PROVIDED DATA
☆ ☆ ☆ ☆
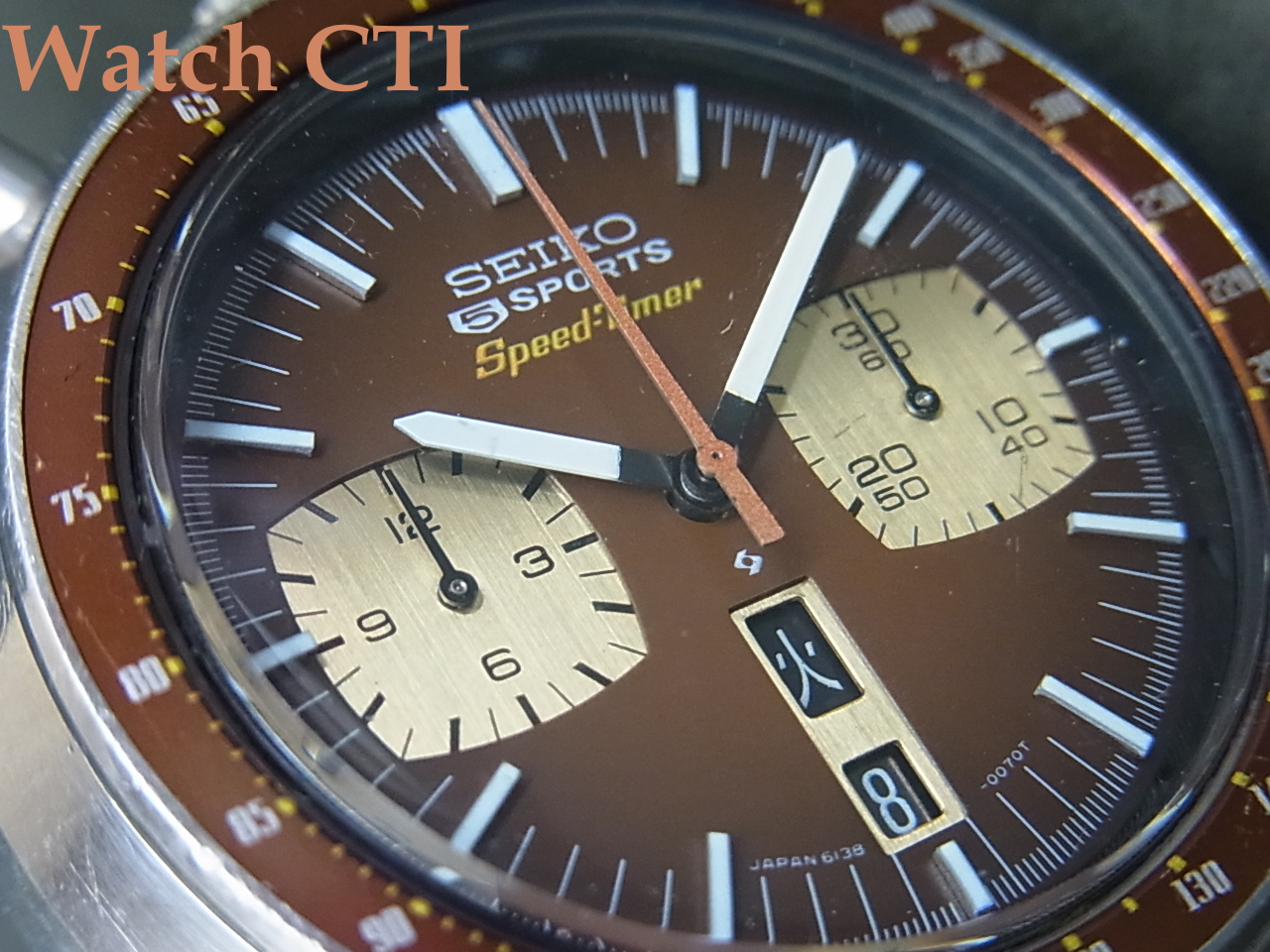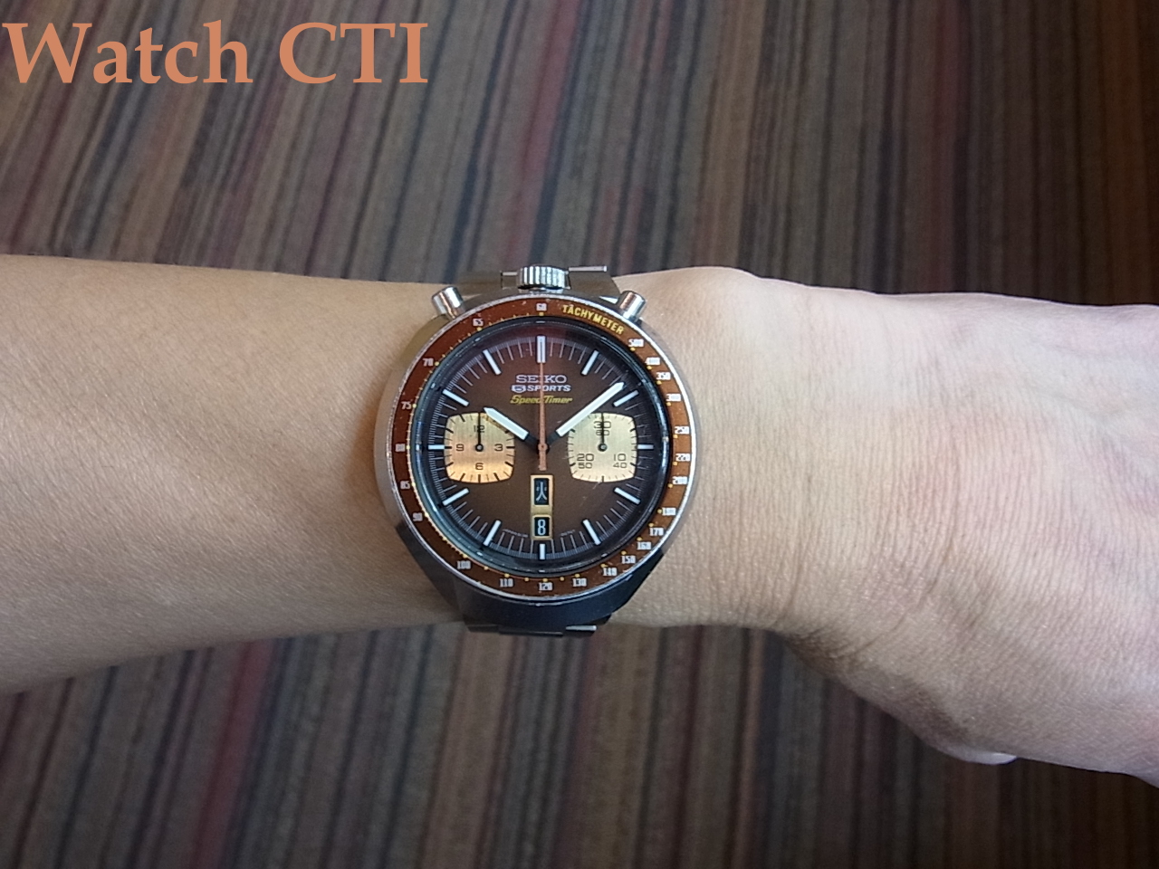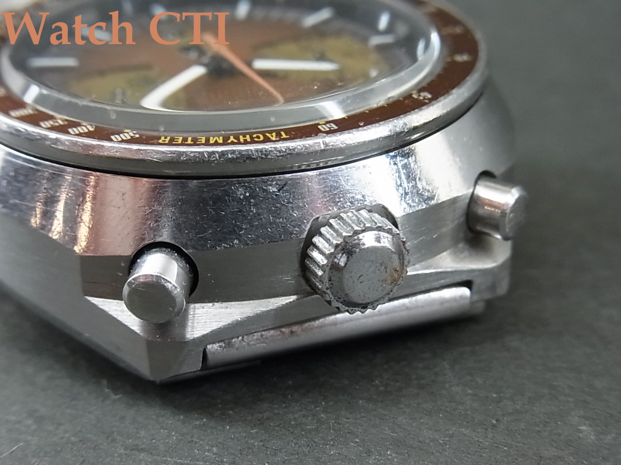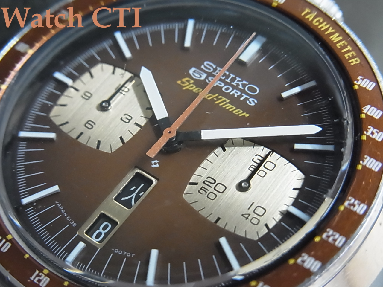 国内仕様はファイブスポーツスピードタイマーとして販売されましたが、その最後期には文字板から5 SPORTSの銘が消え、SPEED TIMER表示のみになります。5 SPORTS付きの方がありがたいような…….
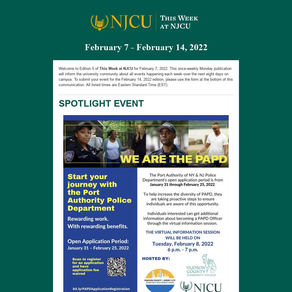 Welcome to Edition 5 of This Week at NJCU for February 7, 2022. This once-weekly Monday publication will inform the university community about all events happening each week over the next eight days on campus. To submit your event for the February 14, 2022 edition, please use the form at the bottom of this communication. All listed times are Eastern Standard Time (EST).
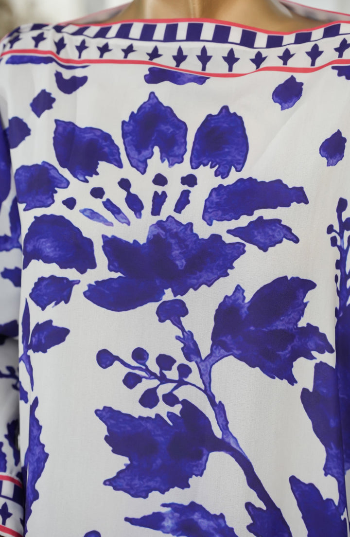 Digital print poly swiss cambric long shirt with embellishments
☆ ☆ ☆ ☆
TO DO
Every line above should be transcribed word for word; leave the pictures out.

THE ANSWER
 国内仕様はファイブスポーツスピードタイマーとして販売されましたが、その最後期には文字板から5 SPORTSの銘が消え、SPEED TIMER表示のみになります。5 SPORTS付きの方がありがたいような…….
 Welcome to Edition 5 of This Week at NJCU for February 7, 2022. This once-weekly Monday publication will inform the university community about all events happening each week over the next eight days on campus. To submit your event for the February 14, 2022 edition, please use the form at the bottom of this communication. All listed times are Eastern Standard Time (EST).
 Digital print poly swiss cambric long shirt with embellishments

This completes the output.